Шрифт:
Вечером на вахте Алексей смотрел, как хорошо сформированные четырехметровые волны подходят к теплоходу справа, со стороны Атлантики и плотная солёная пена перелетает низко сидящий теплоход мощными потоками. Брызги с поверхности моря залетали на мостик, не смотря, на то, что он был от воды на высоте около пятнадцати метров.
Море штормило балов на семь, но ветер был гораздо крепче. Когда Алексей вышел на крыло, чтобы ручным анемометром провести замеры, шквал чуть ли не сбивал – приходилось придерживаться и широко расставлять ноги. Скорость ветра была больше двадцати пяти метров, и всё время увеличивалась, крыльчатка прибора напряженно гудела при вращении.

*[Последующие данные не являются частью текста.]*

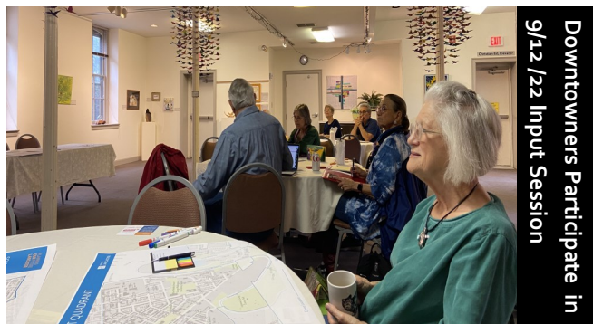
Downtowners Participate in 9/12/22 Input Session

Members of Lancaster Downtowners receive discounts from some special partners. Just mention you are “a Downtowner” when registering or signing up.
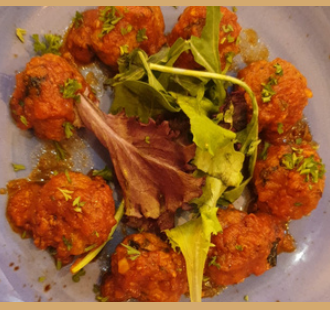
Beef Meatballs 8 for $14.90
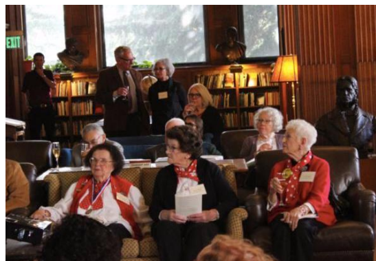
Three Narrators from our Rosie the Riveter Oral History Project at our recent event

The 2015-2016 school year recently wrapped up at the Oral History Center with what has become a new and thriving tradition: the annual Oral History Graduation! In late April or early May over the past four years, we have hosted our very commencement ceremony in which we celebrate the oral histories completed over the past year. This special event gives us an opportunity to thank our interviewees for the often considerable time they give to our projects and to the sponsors who make those projects possible. This year we were especially honored to have many of our interviewees in attendance... [ Read more ]
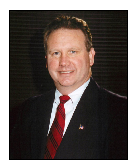
Senator Tim Golden Senate District 8
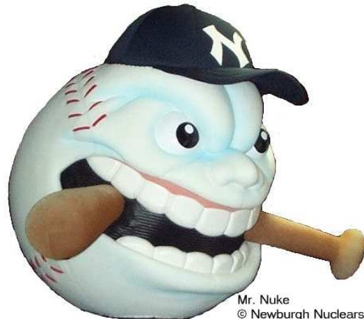
Mr. Nuke

I'd like to thank the good Lord for making me a Yankee – Joe Di Maggio
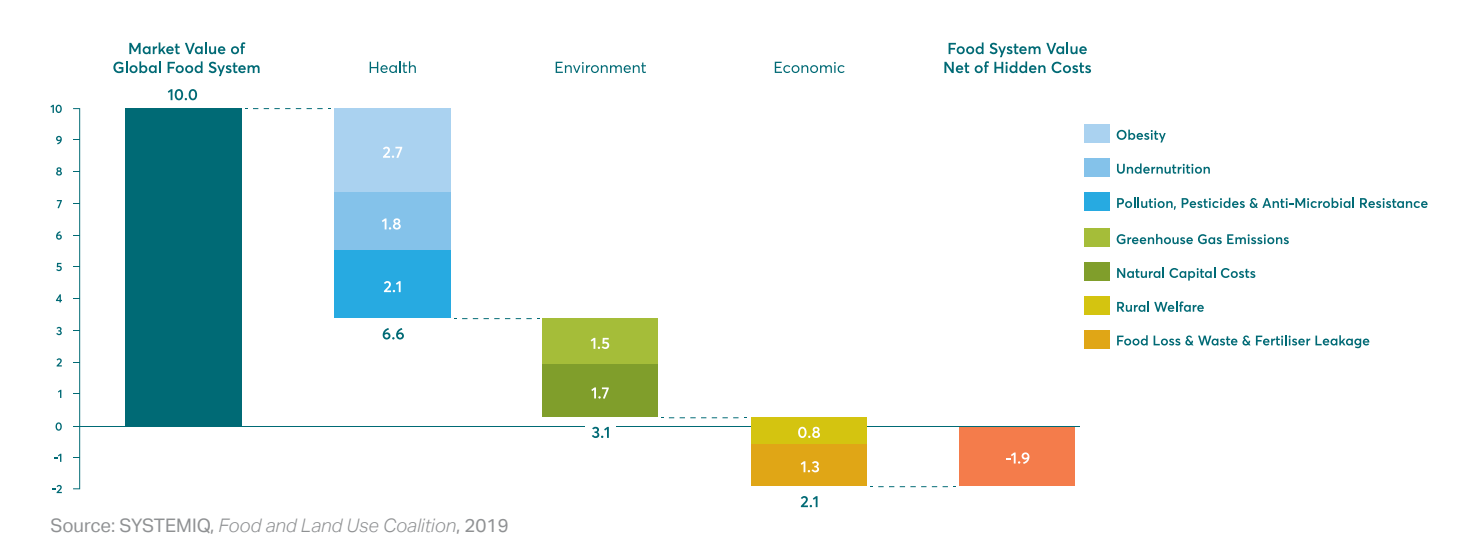
Figure 1: The "hidden costs" of global food and land use systems sum to USD $12 trillion, compared to a market value of the global food system of USD $10 trillion.

The report outlines ten critical transitions to transform the food system. If delivered, we will achieve:

С вахты Алексей сменялся, когда «Шенск» болтало уже очень солидно; шторм ещё добавил мощи. Волнение увеличились до восьмибального, что позволяло реально ощутить силу шестиметровых волн. При движении по коридорам нужно было выбирать короткий промежуток, когда палуба становилась горизонтальной и делать быстрый рывок на четыре-пять шагов, вцепляться в поручень и пережидать до очередного выравнивания, влипая в переборки или зигзагами передвигаться, переступая по плинтусам, словно крыса какая или таракан – по-другому не получалось. Коридоры теплохода представляли собой тренажёр вестибулярного аппарата – понятия «вертикаль» и «горизонталь» являлись переменными величинами.
В помещении было душно, все броневые заслонки закрыты, металлические двери обжаты поворотными рычагами. Дневной свет, ветер, брызги, волны – это всё осталось снаружи. Внутри: холодный свет ламп, духота, прорезиненный запах сохнущей робы, вибрация и гудение судового двигателя.
Спуститься по трапу во время сильной качки – это тоже непростая задача: в зависимости от того, на какой борт крен, трап был или «спуском в колодец», или «коридором с кривым полом»; и всё время быстро менял угол наклона. По нему и так-то перемещаться не просто, нужна особая сноровка, а тут ещё и эти меняющиеся углы – риск разбиться, в момент, когда трап уйдёт из-под ног, максимален. Моряки по трапу всегда спускаются лицом вперёд, тех, кто делал по-другому, усмехаясь, называли «водолазами». Алексей, выбирая удобные моменты, придерживаясь за поручни, поспешил на нижнюю палубу, быстро перебирая ногами и спрыгивая с последних ступеней. На обед он не пошёл, решил переждать качку в горизонтальном положении. Да и желудок мог возразить.
Вечером, поднимаясь на мостик, парень чувствовал, что вот теперь шторм набрал силу: помимо килевой и бортовой качки добавились ещё и ощутимые удары по корпусу судна. А падения и взлёты стали очень амплитудными. Каждый шаг Алексей контролировал, крепко держась руками за поручни вдоль коридоров – он себя почти подтягивал, а ноги на палубе вытанцовывали замысловатые кренделя, перестав быть обычной опорой организму. Передвижения напоминало, как если бы альпинист карабкался на скалу во время землетрясения и при этом его ещё и дёргали за верёвки в разные стороны.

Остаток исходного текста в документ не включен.